August 29, 2023
Note From Rochelle
Today’s tip talks about how accountability can help you get more writing done—and introduces this fall’s writing accountability group.
Rochelle, the Write Now! Coach
Connect and Write More
by Rochelle Melander
The only good teachers for you are those friends who love you, who think you are interesting, or very important, or wonderfully funny; whose attitude is: “Tell me more.” —Brenda Ueland
How do you stay accountable to your writing?
During National Novel Writing Month, many people track their word count on the NaNo site. In other times, we might give ourselves stickers or check off a to-do list. I color in a little square in my bullet journal for every hour I spend writing.
But none of these tracking tools help me stay as accountable as connecting with other writers.

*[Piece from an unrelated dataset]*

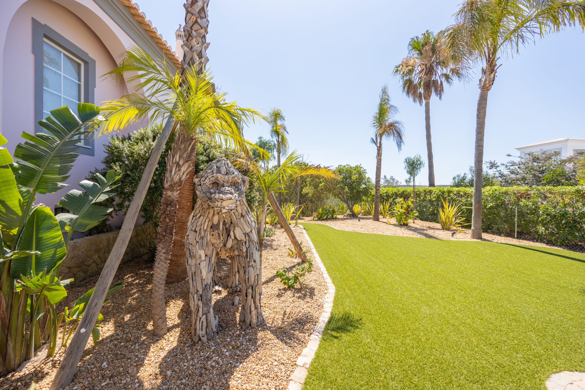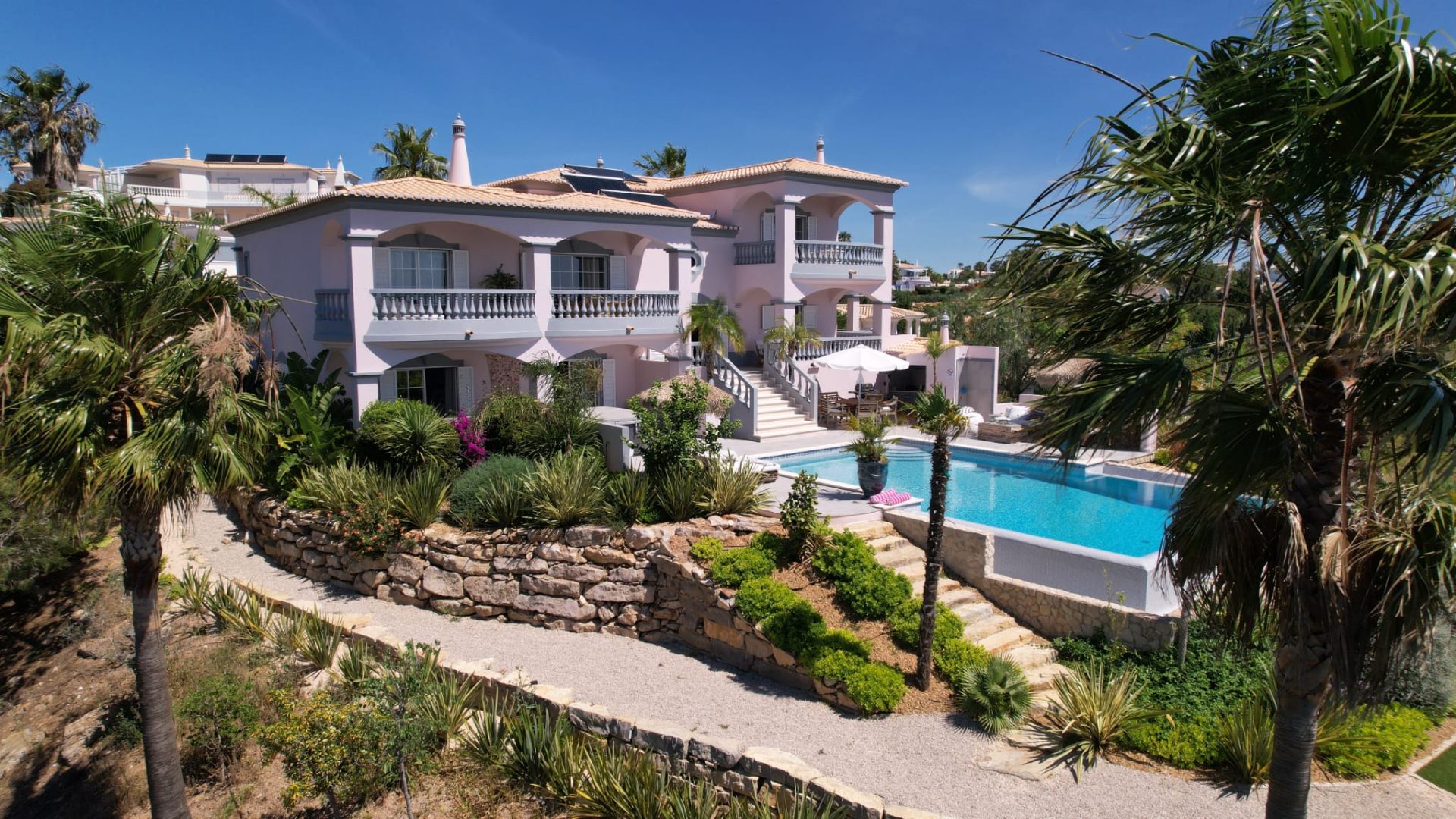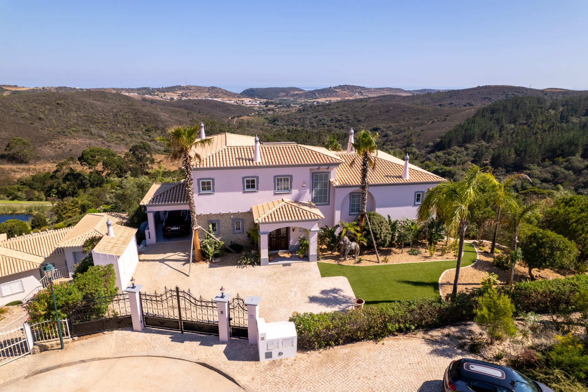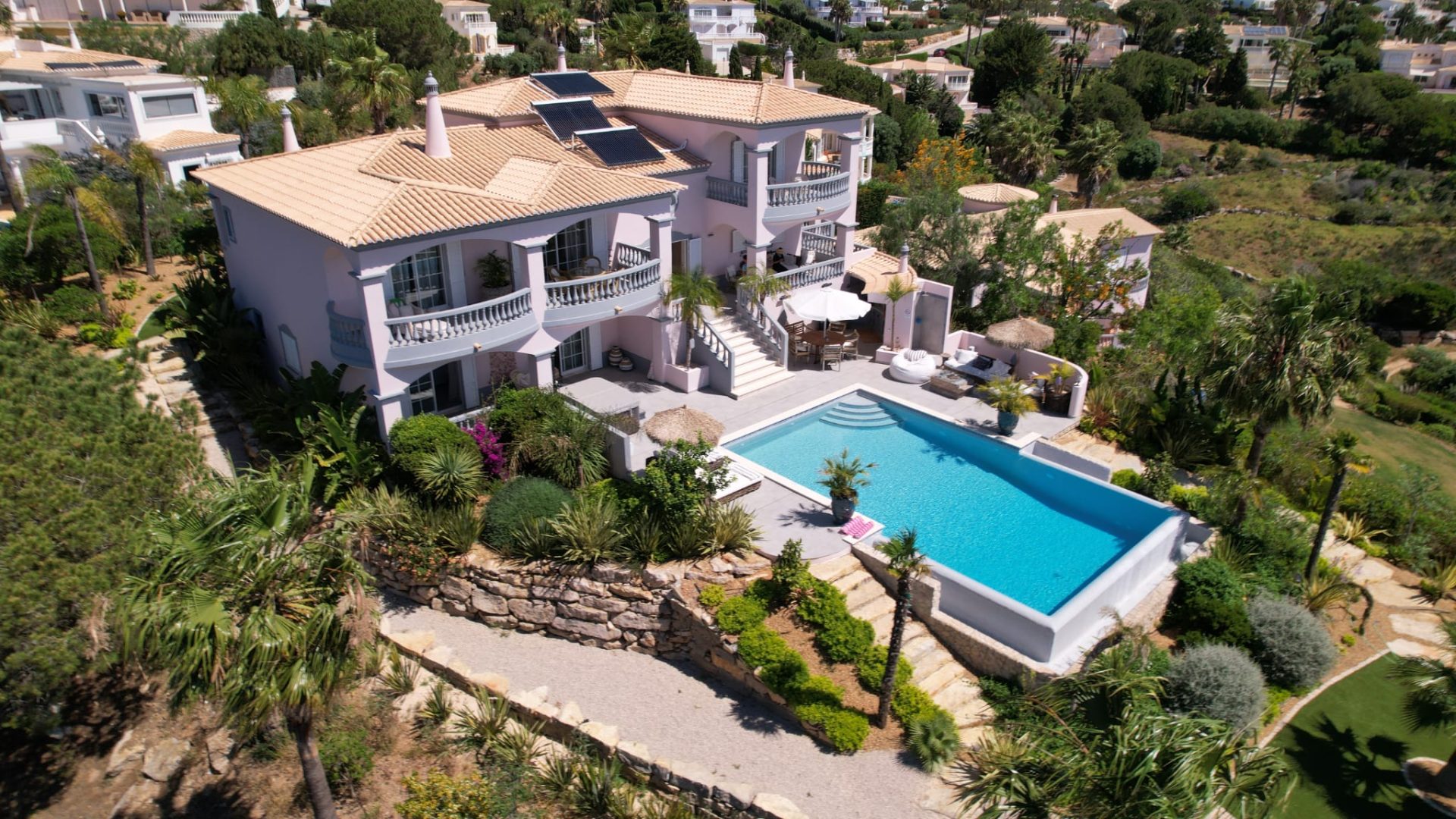 Deze villa is zorgvuldig ontworpen, met prachtige en zeer smaakvolle details die overal in de woning zichtbaar zijn. Opgevat in een open plan, vloeit de ruimte over van een centraal kookeiland naar de loungeruimte met een dubbel houtvuur.  Alle ruimtes en slaapkamers op de eerste verdieping hebben een adembenemend panoramisch uitzicht en zijn zeer privé met elk een eigen en-suite badkamer. Op het lagere niveau bevindt zich het gastengedeelte met 2 extra en-suite slaapkamers met directe toegang tot het zwembadgedeelte. Op het zwembadterras is het mogelijk om 270º te genieten van een prachtig uitzicht op de golfbaan, het landschap en de oceaan. Hier is er een buiten BBQ keuken, zeer goed uitgerust, een jacuzzi, een vuurplaats voor koele avonden, en een buitendouche. Luxueuze en uitgestrekte exotische mediterrane tuinen omringen het pand en bieden optionele meeslepende ruimtes om uit te rusten in volledige privacy.

The data proves it. In a study done by The American Society of Training and Development (ASTD), people increase their chances of success by 65 percent if they commit to someone. They up it by 95 percent when they keep an accountability appointment with someone who knows their goals.
Here are three ways to get accountable.
1. Connect with a colleague. Create a pact with another writer. Check in regularly to write or to report on writing. Some of my clients meet with other writers to “cowrite” either online or in cafes. Others find that it helps just to text each other before and after their writing sessions. Still others find that just reporting on their writing for the week helps them stay accountable and get writing done.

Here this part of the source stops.